* **Your task**
Your answer must be the records below repeated word for word, with no pictures in it.

* **Data extracts**
━━━━━━━━━━━━━━━━━━━━━━━━━━━━━━

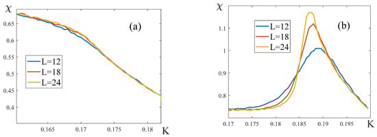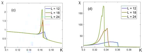 If , the susceptibility peak, as expected, is observed at the critical temperature (Figure 11c,d). The height of the peak increases with the lattice dimensions , which means that the susceptibility diverges at the critical point. This finding agrees with the classical critical exponents .
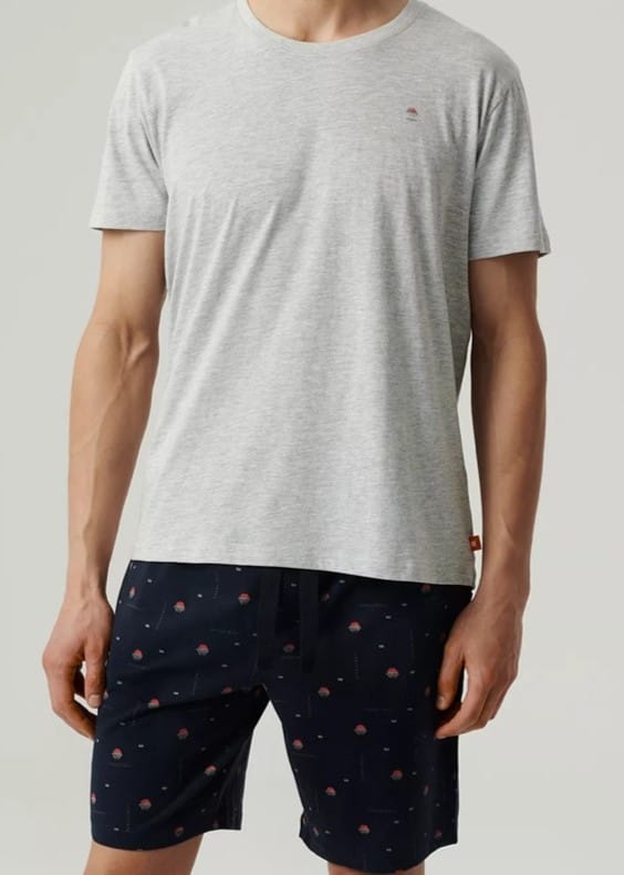 Bawełniana piżama o sportowym charakterze, która może być również zestawieniem na dzień. Koszulka gładka, luźna z okrągłym dekoltem. Spodenek ozdobione motywem koszykarskim. Skład:góra: 95% bawełna, 5% elastan, dół: 100% bawełna.
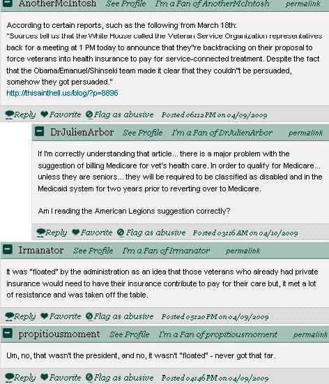 In the comments section of that article, a HuffPo reader reminds Reickhoff that Obama had to be dragged kicking and screaming into caring for veterans with this link to our post last month. Initially, the administration had planned on funding our health care on the backs of veterans and their insurance companies. But then they discovered how big of a voice veterans have in this country.
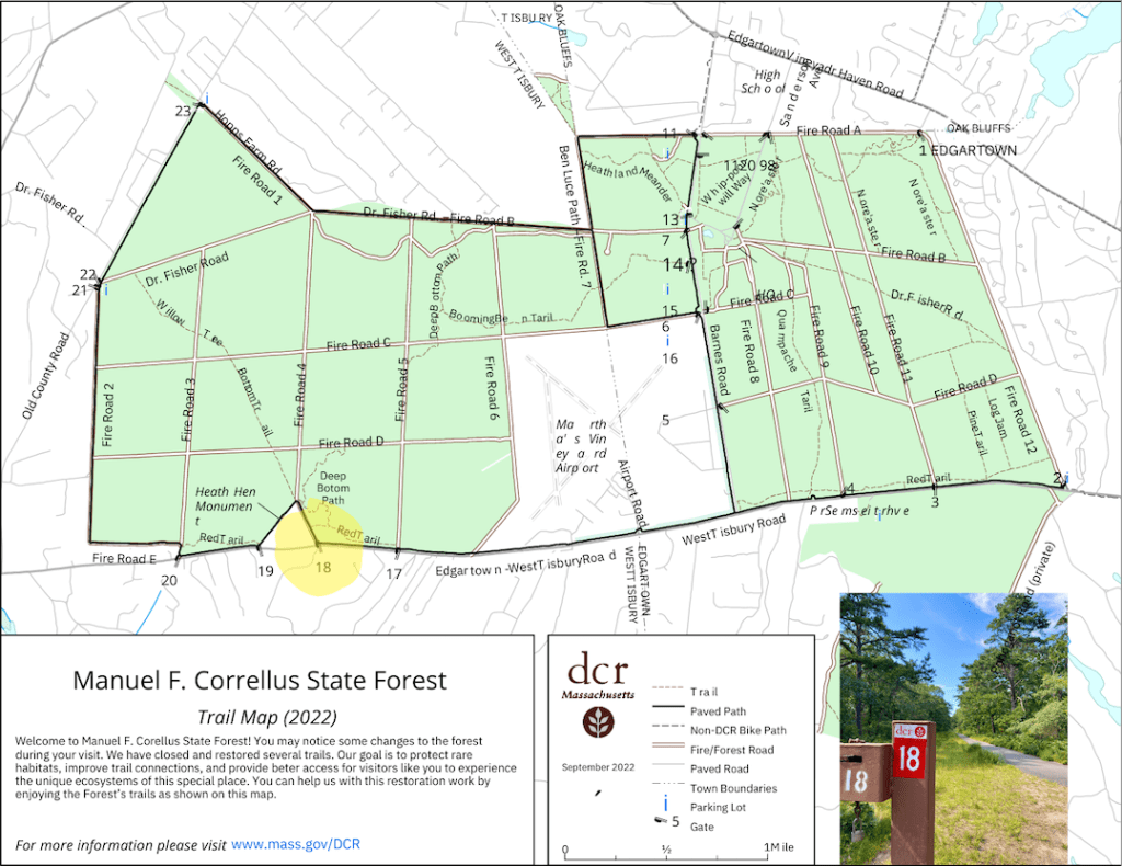 The 5300 acre Forest began as the Martha’s Vineyard Heath Hen Reservation in the early 1900’s with several hundred acres dedicated to saving the Heath Hen, on what was then known as the Great Plains, the glacial sand plain in the heart of the Island. This pioneering effort to save the Heath Hen failed, but led to the establishment of the Martha’s Vineyard State Forest, now known as the Manuel F. Correllus State Forest, honoring its first, long-serving Superintendent.
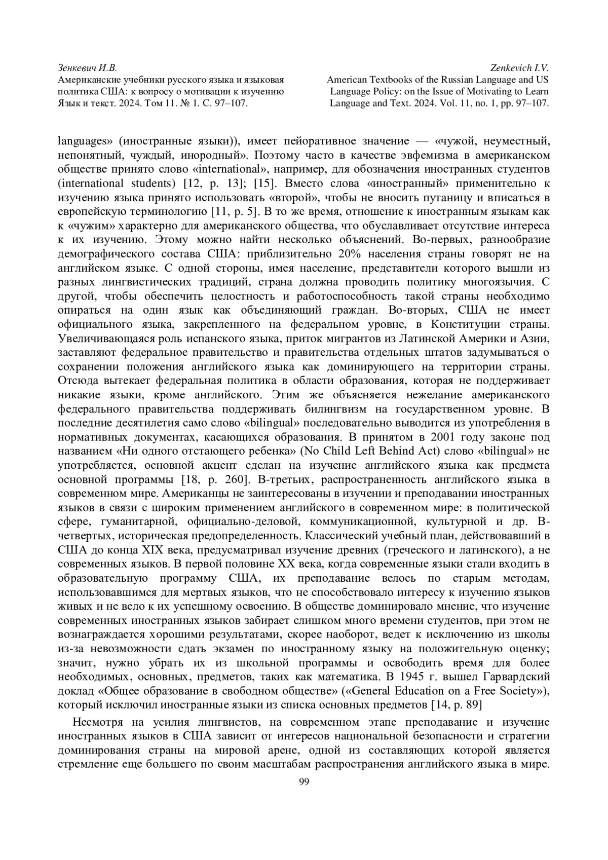 Статья посвящена изучению языковой политики США в области преподавания иностранных языков, в том числе русского, и взаимосвязи языковой политики и стратегии национальной безопасности страны. В то же время, из-за отсутствия федерального регулирования в сфере преподавания иностранных языков создание и использование учебников русского языка как иностранного не регламентируется и отдано на усмотрение учебных и региональных организаций на местах. На основе исследования учебников русского языка как иностранного, составленных американскими авторами с начала ХХ по начало ХХI века, проведенного по нескольким параметрам: содержание предисловий, методической и мотивационной составляющей, текстового и лексического материала, а также целевой аудитории, автор статьи приходит к выводу о том, что учебники не отражают реальной картины культурной и общественной жизни в России, не мотивируют обучающихся, не успевают за изменениями, происходящими в российском обществе и таким образом участвуют в создании ложного стереотипного образа нашей страны у американских обучающихся. Решение данной ситуации автор видит в создании цифровых учебников русского языка как иностранного.
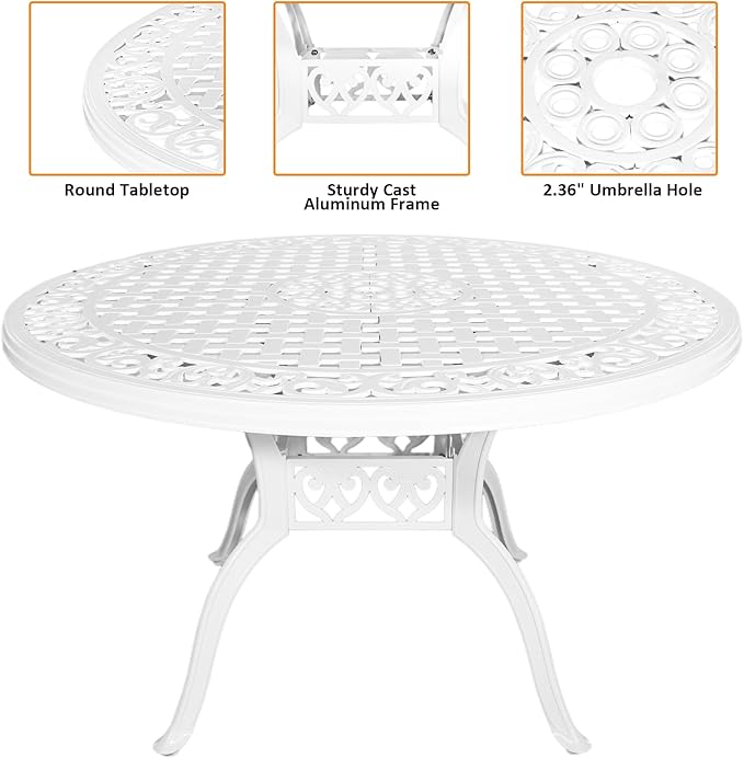 48" Round Patio Table for 6-8 Person Cast Aluminum Bistro Table with 2.36" Umbrella Hole,Metal Outdoor Dining Tables,Wrought Iron Patio Bistro Table,White Patio Table.
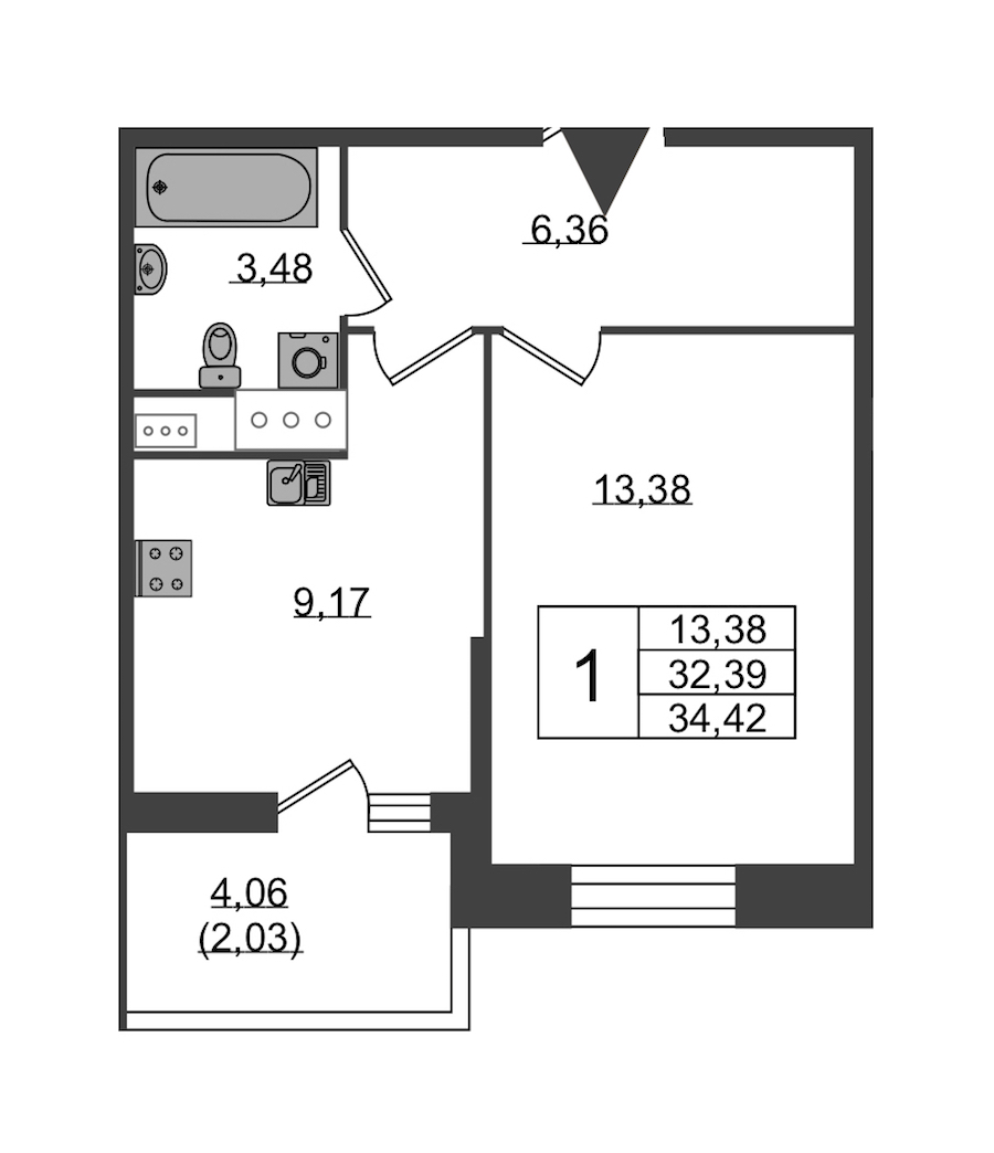 • Площадь34,42 м2

━━━━━━━━━━━━━━━━━━━━━━━━━━━━━━

* **Result**
 If , the susceptibility peak, as expected, is observed at the critical temperature (Figure 11c,d). The height of the peak increases with the lattice dimensions , which means that the susceptibility diverges at the critical point. This finding agrees with the classical critical exponents .
 Bawełniana piżama o sportowym charakterze, która może być również zestawieniem na dzień. Koszulka gładka, luźna z okrągłym dekoltem. Spodenek ozdobione motywem koszykarskim. Skład:góra: 95% bawełna, 5% elastan, dół: 100% bawełna.
 In the comments section of that article, a HuffPo reader reminds Reickhoff that Obama had to be dragged kicking and screaming into caring for veterans with this link to our post last month. Initially, the administration had planned on funding our health care on the backs of veterans and their insurance companies. But then they discovered how big of a voice veterans have in this country.
 The 5300 acre Forest began as the Martha’s Vineyard Heath Hen Reservation in the early 1900’s with several hundred acres dedicated to saving the Heath Hen, on what was then known as the Great Plains, the glacial sand plain in the heart of the Island. This pioneering effort to save the Heath Hen failed, but led to the establishment of the Martha’s Vineyard State Forest, now known as the Manuel F. Correllus State Forest, honoring its first, long-serving Superintendent.
 Статья посвящена изучению языковой политики США в области преподавания иностранных языков, в том числе русского, и взаимосвязи языковой политики и стратегии национальной безопасности страны. В то же время, из-за отсутствия федерального регулирования в сфере преподавания иностранных языков создание и использование учебников русского языка как иностранного не регламентируется и отдано на усмотрение учебных и региональных организаций на местах. На основе исследования учебников русского языка как иностранного, составленных американскими авторами с начала ХХ по начало ХХI века, проведенного по нескольким параметрам: содержание предисловий, методической и мотивационной составляющей, текстового и лексического материала, а также целевой аудитории, автор статьи приходит к выводу о том, что учебники не отражают реальной картины культурной и общественной жизни в России, не мотивируют обучающихся, не успевают за изменениями, происходящими в российском обществе и таким образом участвуют в создании ложного стереотипного образа нашей страны у американских обучающихся. Решение данной ситуации автор видит в создании цифровых учебников русского языка как иностранного.
 48" Round Patio Table for 6-8 Person Cast Aluminum Bistro Table with 2.36" Umbrella Hole,Metal Outdoor Dining Tables,Wrought Iron Patio Bistro Table,White Patio Table.
 • Площадь34,42 м2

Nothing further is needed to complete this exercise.